Elle composa à la suite le numéro de Hightower. Elles firent le point rapidement.
- Oui, Madame, continuait Lisbon… on soupçonne le frère, Doyle… On ne sait pas où il peut être… On va essayer de le localiser… peut-être avec la voiture d'Anderson… Oui, Madame… nous allons faire le possible… oui… oui… Je vous tiens au courant.
Elle raccrocha et fit le tour du salon. Quelques livres d'auto-motivation, une photo où l'on voyait les deux frères, bras dessus, bras dessous, souriant à l'appareil… ils devaient avoir dans les dix ans…
Le portable de Cho sonna.
- Agent Cho à l'appareil...
La voix au bout du fil était faible et suppliante.
- Allo ? Kimball ?
Cho fit signe au reste de l'équipe de s'approcher et mit la communication sur haut-parleur.
- Allo ? Rita ? Qu'est-ce qu'il y a? Qu'est ce qu'il se passe ?
La voix de Cho était tombée dans les graves, il parlait vite et par saccades.
Rita pleurait.
- Je suis désolée Kimball… j'ai cru que c'était une livraison que tu attendais… je suis désolée…

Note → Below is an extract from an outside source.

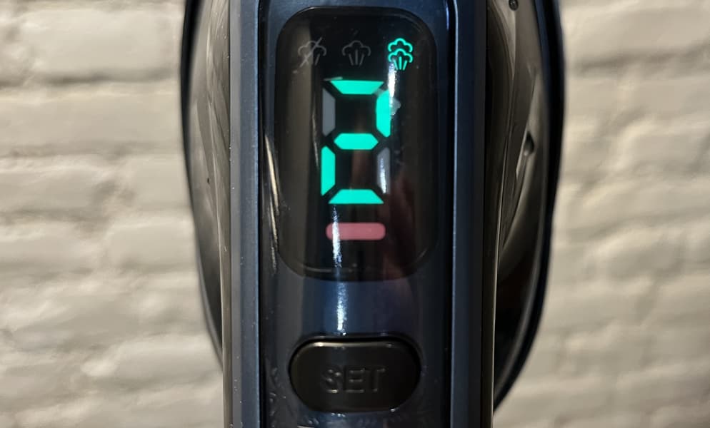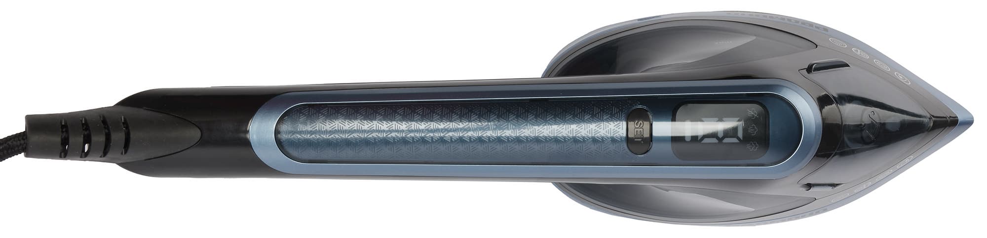 Помимо нуля над дисплеем загорается индикатор текущего активного режима работы. Всего их три: глажение без пара, легкое отпаривание и режим максимальной подачи пара.

Il y eut un rire derrière elle, un rire maléfique, hystérique, inhumain presque.
Rita cria. Un cri bref, effrayé. Un cri de terreur.
- RITAAA! hurla Cho.
Et les premières mesures de Be my Baby par les Ronettes sortirent du téléphone alors que toute l'équipe courait hors de l'appartement.
The night we met I knew I needed you so
And if I had the chance I'd never let you go
So won't you say you love me
I'll make you so proud of me
We'll make 'em turn their heads
Every place we go
So won't you please
(Be my be my baby) Be my little baby
(I want it only say) Say you'll be my darling
(Be my be my baby) Be my baby now
(I want it only say) Ooh, ohh, ohh, oh.